Para los radioaficionados, la nueva estación de enlace marca, además, la culminación de un proceso donde es la vocación lo que cuenta por encima de todo. "La electrónica no puede ser ya sólo un hobby", subraya Federico Graupner, presidente de la Federación, mientras más de un centenar de radioclubes diseminados en todo el país parecen empecinados en la actividad formativa: tanto como la LUCero ASC, la reglamentación de la Ley 16.118, declarando de interés nacional la tarea que despliegan y liberando de recargos aduaneros la importación de sus equipos, retempla su espíritu quijotesco, una amalgama de ciencia, deporte y filantropía.
Espoleados por el imprevisto, a los radioaficionados sólo los frenan, a veces, sus enormes gastos de energía eléctrica. Pero los radioclubes no cejan: "La Cámara de Diputados de Catamarca ha aprobado un proyecto de ley que faculta a cada radioaficionado a consumir gratuitamente 50 kilowatios por mes", apunta Graupner.
Todo lo cual hace sonreír a Enrique Kessler, asesor de Pagés Larraya y también radioaficionado: desde el punto de vista pedagógico, tales licencias suponen un estímulo que gravitará en la multiplicación de adeptos, aún sometidos a las estrictas reglamentaciones que los rigen. El radio, aficionado debe tramitar su registro y computar cada una de sus llamadas y recepciones en un libro de guardia; le está prohibido radiar operaciones comerciales y dialogar sobre temas políticos, por considerárselos atentatorios contra la seguridad nacional. "Pero el radioaficionado está en otra cosa; le interesa proveerse de un buen equipo (cuyo precio oscila entre los 500.000 pesos y el millón, aunque también los hay, hechos a pulmón, que cuestan 50.000) para ocuparse de las cuestiones que más le interesan."
En efecto, la reseña de sus actividades está poblada de acontecimientos que irrumpen, silenciosamente, en el ámbito de la épica:
•Hace poco más de un año, durante las inundaciones producidas por los desbordes del Río Uruguay, tendieron una red de propalación que coordinó las tareas de salvamento de zonas absolutamente incomunicadas.

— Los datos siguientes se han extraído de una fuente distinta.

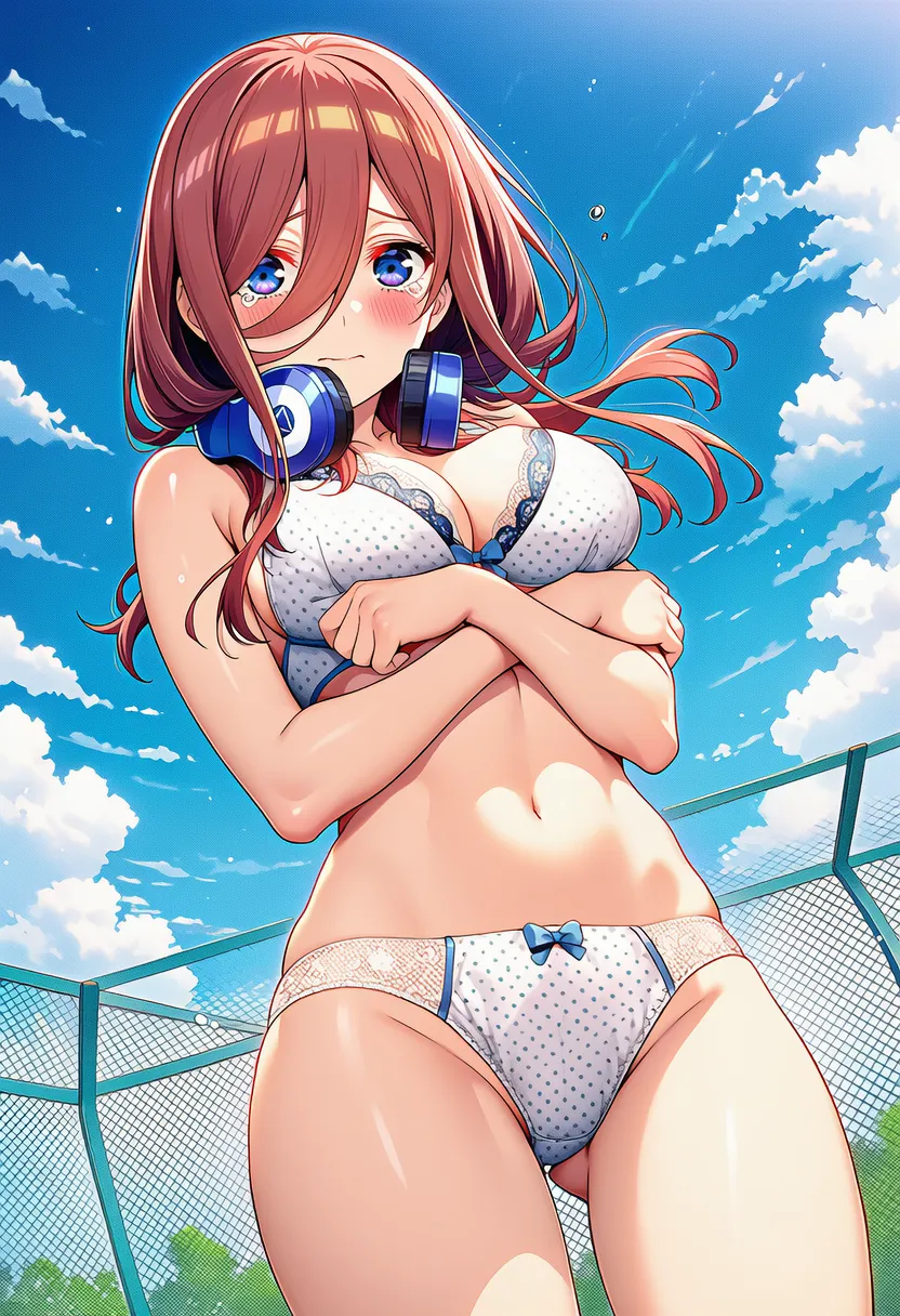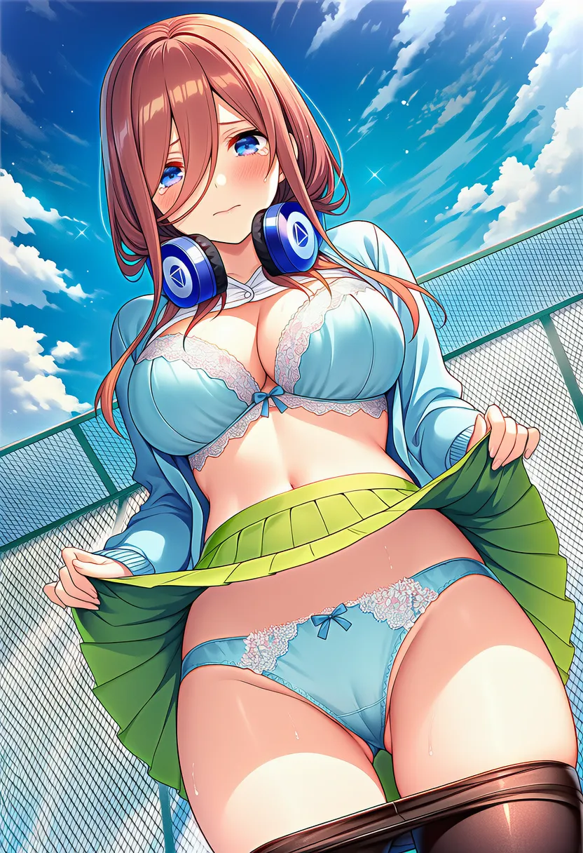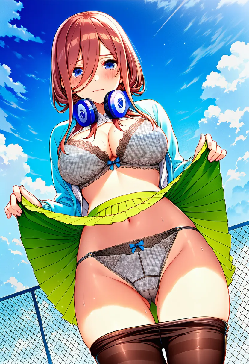 『五等分の花嫁』の中野三玖(なかの にの)の下着露出イラストです。pixivでは「下着チェック」シリーズとして投稿している内容です。クリック/タップで大きな画像を表示できます。

•Cuando la Argentina envió un contingente de soldados para integrar las fuerzas de las Naciones Unidas en el Congo, en 1961, hicieron posible el diario contacto entre los soldados y sus familiares.
•Pero, después del tendido de lazos de amistad, el traslado de medicamentos parece ser rutina en la labor de los radioaficionados: "La semana pasada conseguimos, en 24 horas, una partida de Meticortelone Acetate, desde Nueva Jersey, Estados Unidos, y de esa manera pudimos salvar a un enfermo que nuestros médicos daban por desahuciado", señala Kessler.
Y el hecho demuestra que, tal vez, su abnegación y su enraizado desinterés obraron de antídoto para tumbar un viejo estigma: a mediados de 1963, la burocracia frustró los desenfrenados esfuerzos de Luis Tambussi, y cuando el kayexalate llegó a Buenos Aires, a Ezeiza, un rostro tan anónimo como el del radioaficionado neoyorquino se meneó irreductible: "Estamos fuera de horario. Venga mañana". La enferma murió esa noche.